Alan Robert Clark

Feb 7, 2001

\emph{Simple} garden watering system, with a few complications :-)

Simple garden watering system, with a few complications :-)

1  Introduction

This program controls solenoid valves to water the garden. There are two systems-one for the front and one for the back yard. The front yard has three ``ordinary'' circuits-main bed, side rose bed, pond bed-with a possible lawn circuit later. The back yard has two ``ordinary'' circuits-the veggie patch and the herb patch-with two possible lawn circuits later.

ie Both systems will cater for four ``ordinary'' circuits. In addition, both systems have one ``special'' circuit each. The front yard system must cater for the fish-pond filling; and the back system must cater for the Garden Frame, aka the GreenHouse-in-minature.

We live on the Kensington Ridge, hence most of our plants are effectively pot-plants! Most of the tree holes I have dug have been carved out of solid slate. In the parts of the garden without the slate, we have the standard ``Witwatersrand Complex'' Quartz and sandstone conglomerate. In either case, there are few parts to the garden that have more than 6 inches of soil. In one particular patch at the back, we're talking about 2 inches-the grass dies off if it isn't watered at least weekly.

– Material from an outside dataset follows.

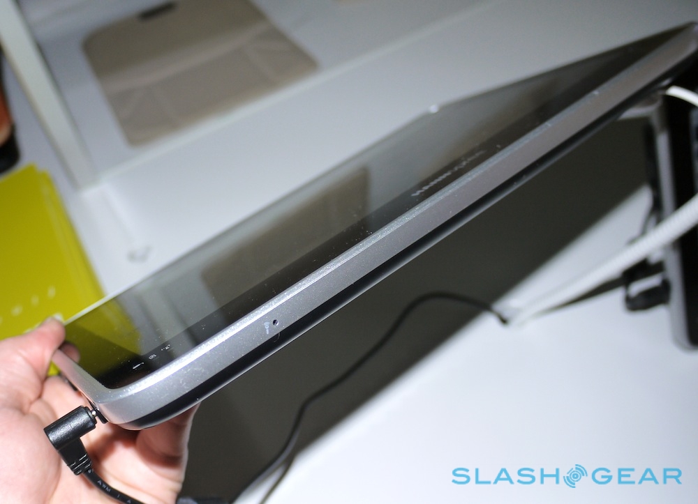 So, the experience falls short of what you get with, say, a Motorola XOOM, but instead you get a significantly lower price tag of around €349 ($505). Build is reasonably chunky and fairly high quality, all plastic and no metal, though the SN10T1 certainly falls well short when it comes to the current race to be the slimmest slate.
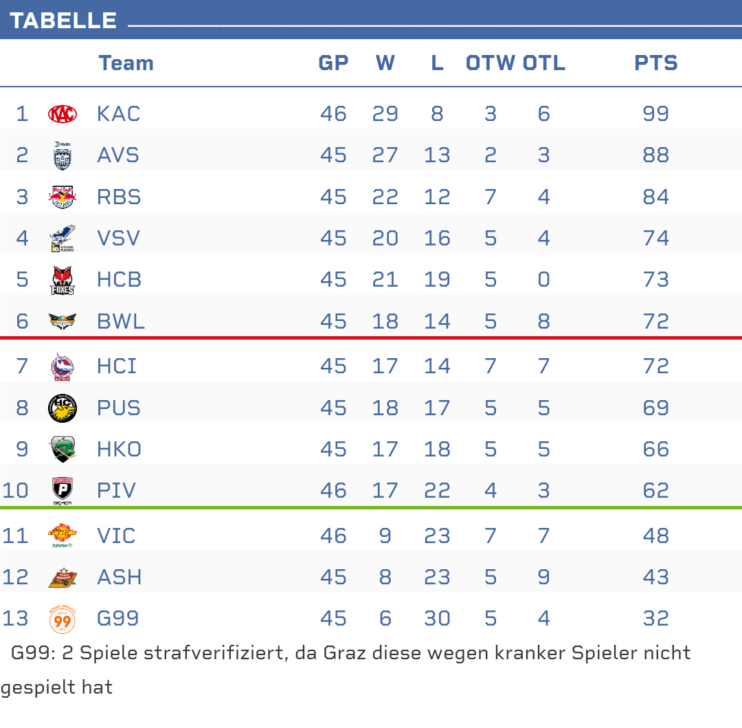 nachdem bozen vermutlich ihr restprogramm trocken runterspult muss der vsv mind. 2 punkte holen, für linz ists quasi schon ein pflichtsieg wenn man in die top 4 will. zusätzlich müssten die linzer dann auf den kac in der letzten runde hoffen, die sich aber in bozen vermutlich keinen hax‘n mehr ausreißen werden…

All this means that instead of having the MicroMists come on for an hour every week, they need 15 minutes at most, but they need it every day! There is no need for deep watering here!

Last point: The target system is a 16C84, hence re-programming watering times etc is very simple and convenient, just plug it out, program, plug it in, and the user interface is then kept very simple indeed, with no need for the usual ``water computer'' type of interface :-)

Couple of Pics of the setup:


2  Watering modes

Two modes, the trusty old Manual and Automatic methods, the latter designed for the holiday period.

2.1  Manual

Under manual operation (usual state), a push-button will be pressed once, and a feedback LED will light. All ``ordinary'' circuits will be watered one after the other for the watering period (default 15 min). (Note that the watering periods can be tailored for each circuit very easily) (Well, not via the user interface, but by re-programming, which is the assumption here !)

To get a little bit more fancy, if the user holds the push-button down for more than 3 seconds, the LED will go off. If the user lets go now, only Circuit 1 will be watered. If the user keeps pressing for a further 3 seconds, the LED will flash again indicating that Circuit 2 is now scheduled. A further 3 second wait will flash the LED again signalling a Circuit 3 schedule etc. Only that circuit will operate.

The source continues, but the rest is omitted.